「サムガリ、ヤメタイ」「サムライ、ナリタイ」

 ヘブン宅、美しい椿(ツバキ)を生けた空間でトキは三味線を演奏する。それを聞くヘブンは夢心地。椿の生け花と三味線の音色。これ以上ないほどザッツ日本の光景に、ヘブンが英語でその良さを語るシーンに高まるオリエンタリズム感。

 ところが、リヨはトキに、お花、お茶、三味線などをやめてほしいと詰め寄る。自分の存在が霞むからと。

 トキは躊躇(ちゅうちょ)する。なぜなら、自分が提供する日本文化をヘブンが喜び学ぶことを通して、互いの距離が縮まっているような気がして、おもしろくなっていたからだ。

 リヨの願いを聞いて花を片付けようとも考えたが、できずにいると、ヘブンが学校で倒れて人力車で担ぎ込まれてきた。

 夏は長く高温多湿で、冬は短く穏やかなニューオーリンズに住んでいたヘブンには信じがたい寒さだったのだろう。この年の松江はいつになく寒かった。

 余談だが、そんな寒いなか、トキの半襟が肌色で寒そうに見える。
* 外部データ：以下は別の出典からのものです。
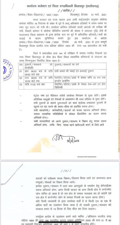बिलासपुर,31 मार्च 2021। बढ़ते कोरोना संक्रमण के बीच बिलासपुर ज़िले में भी मार्केट ब्रेक का आदेश लागू हो गया है। अब से कुछ देर पहले जारी आदेश में ज़िला प्रशासन ने बिलासपुर ज़िले में धारा 144 प्रभावी करते हुए दुकानों के चालू और बंद होने के समय को निर्धारित कर दिया है।

実際は綿が入って温かいのだと思うのだが……。

「サムライ」と「サムガリ」を間違えるヘブン。

「サムガリ、ヤメタイ」「サムライ、ナリタイ」とうなされる。

 ジャーナリストとしてもっといろんな国に行きたかったのにここが最後の地と絶望して……。

 モデルである小泉八雲はかなりの日本びいきと聞いていたが、当初、日本は通過点に過ぎず、それがいつの間にか、定住したい地に変わったのだろうか。何がヘブンの心を決めさせたのか、この先が気になる。